Key Market/Economic Observations
S&P 500® Completes its Recovery; Positive Start to First-Quarter Earnings Season
Domestic equity markets maintained their positive momentum through April as the S&P 500 posted its best start to a year since 1987, up 17% year to date through April 23. The rally has largely been a function of a more accommodative Federal Reserve (Fed), fading fears of a global growth slowdown, positive progress in trade negotiations, and a better-than-expected kick-off to the first-quarter earnings season. Earnings helped propel the S&P 500 to a new all-time high of 2,945, also on April 23, eclipsing the previous mark set in September 2018. This benchmark is now up more than 25% since its late December 2018 low. We continue to see a path higher for U.S. equities, but we believe caution is warranted as an uptick in market volatility would be the norm given the historically low volatility we’ve experienced thus far in 2019.

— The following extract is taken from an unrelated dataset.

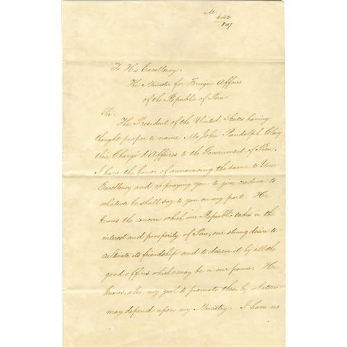 <B> Secretary of State James Buchanan Sends the Credentials of John Randolph Clay to be United States Minister of Peru in 1847</B></I> James Buchanan (1791-1868) Letter Signed as secretary of state, two pages, folio, Department of State, Washington, September 11, 1847. To "<I>The Minister of Foreign Affairs of the Republic of Peru</B></I>" Mint condition. <BR><BR> Buchanan sends a letter of introduction to his Peruvian counterpart, for Minister John Randolph Clay (1808-1885), who was America's first career diplomat. He served in Peru from 1847-1860. Previously, he had been employed in various diplomatic capacities in Russia (1830-1837), Austria (1838-1845), and Russian again (1845-47). At the outbreak of the Civil War, Clay, a Virginian, moved to England, returning only once in 1865, and living there until his death. <BR><BR> Buchanan writes of Clay in part, "<I>...he knows the concern which our Republic takes in the interest and prosperity of Peru, our strong desire to deserve it by all the good offices which may be in our power. He knows, also, my zeal to promote these by whatever may depend upon my Ministry...</B></I>

International Developed Markets
Pockets of Optimism Emerging from the Global Growth Slowdown Narrative
The International Monetary Fund (IMF) cut its outlook for global growth in 2019 from 3.5% to 3.3%, marking the third downgrade in the past six months. At first glance, the report might seem cautious given its title, “Growth Slowdown, Precarious Recovery.” In fact, the organization cited weaker growth in Europe as a notable concern due to a variety of uncertainties: Brexit, Italian debt spreads, and French protests. However, the IMF actually forecasts a modest recovery later in the year. Furthermore, key pockets of relief to the European economic outlook have started to emerge.

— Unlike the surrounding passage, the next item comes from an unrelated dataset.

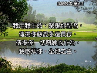 文档探讨了上帝的爱的体现,并通过诗歌表达对神的敬拜与祈求。内容包括对心灵洁净的渴望和面对生活挑战时的信念。强调祈祷和相信神的应许能带来胜利和勇气。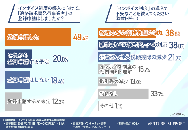 - 【まとめ】経営者の2人に1人が、インボイス制度「適格請求書発行事業者」の登録申請をしたと回答

Robust Chinese Economic Data Offset Weakness in Korea
While U.S. large-cap equities are reaching new all-time highs, the Emerging Market (EM) index remains more than 10% below its January 2018 peak. For the first time in months, Chinese economic data were better than consensus expectations, suggesting federal stimulus measures are having a positive impact.
Oil Climbs after Iran Sanction Waivers Expire; Gasoline near Four-Year High
Commodity prices were mixed in April, with the broad Bloomberg Commodity Index edging modestly higher, pushing year-to-date returns above 7%. Industrial metals slipped over 2% for the month, despite signs of improved economic and financial data from China and increased optimism surrounding a potential trade deal with the United States. The majority of the broader index’s increase was driven by crude oil after the United States declined to extend import waivers for Iranian crude oil, surprising consensus expectations for an extension.
Demographic Shifts and the Changing Dynamics of Economic Growth
The industrial revolution beginning in the mid-eighteenth century sparked unparalleled population growth across the globe — from less than 1.1 billion people in 1820 to over 7.7 billion in 2019, according to data from the United Nations. In concert, several other major developments (for example, vaccines, plumbing, heating and cooling, and transportation) spurred vast improvements in the quality of life. Collectively, these technological advances expanded the available labor force, enhanced productivity, and ultimately propelled economic growth. However, based on more recent trends and projections, the developed world is expected to undergo drastic demographic changes over the next several decades that are quite different from the time period from which we draw the majority of our economic experience. This month, we examine the potential impact of slower labor force growth and aging populations, the composition of future growth, and where we believe demographic shifts offer the largest opportunities today.